There are no surprises at the top: the schools that produce the most law school applicants are large, public universities. California, Florida, and Texas are all well-represented. The top feeder schools have something else in common, too: they’re all producing considerably fewer applicants than they did four or five years ago. On average, the top five feeder schools produced 35.6% fewer law school applicants in 2012-2013 than in 2008-2009.

In fact, only two schools in the top 50 feeder schools saw an increase in law school applications last year. The University of Puerto Rico-Rio Piedras went from 285 applicants in 2011-2012 to 314 in 2012-2013, and the University of Miami went from 275 to 276 in the same time period. My hypothesis is that it must have something to do with both those schools’ proximity to the Bermuda Triangle. Nonetheless, both schools produced considerably fewer law school applicants last year than five years ago.
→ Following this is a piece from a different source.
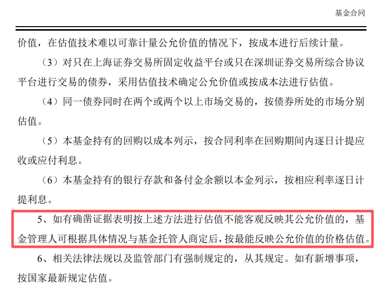 调整估值方式就不多说了,《基金合同》写的很清楚,常规估值方式不能反映公允价值的,可以采用能反映公允价值的估值方式。
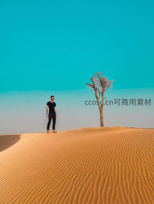 一位身着黑衣的男子站在金色沙丘之巅,身旁是一棵光秃的枯树,头顶是纯净如洗的碧蓝色天空,构成一幅充满艺术感的对比画面。

This should be no surprise, as LSAT administrations and law school applications have plummeted in general in the last few years. The reasons for the decline are real, and it’s important to choose a law school carefully. But as long as you make good choices, it’s a good time to apply to law school. Fewer applicants mean less competition and an easier time getting into a better law school. Smaller law school class sizes will make for less competition when it comes to getting hired afterward, too.

And if you’re one of the 706 or so to apply to law school after attending the University of Florida (the top feeder school), how can you distinguish yourself? There’s your GPA, but I’m sure many of the applicants have high GPAs, and by the time you get around to applying there’s not much you can do about that anyway. That leaves your LSAT score and your soft factors, and they’re going to see your LSAT score before they see your soft factors. It’s to your advantage to put the time and effort in to rock the LSAT.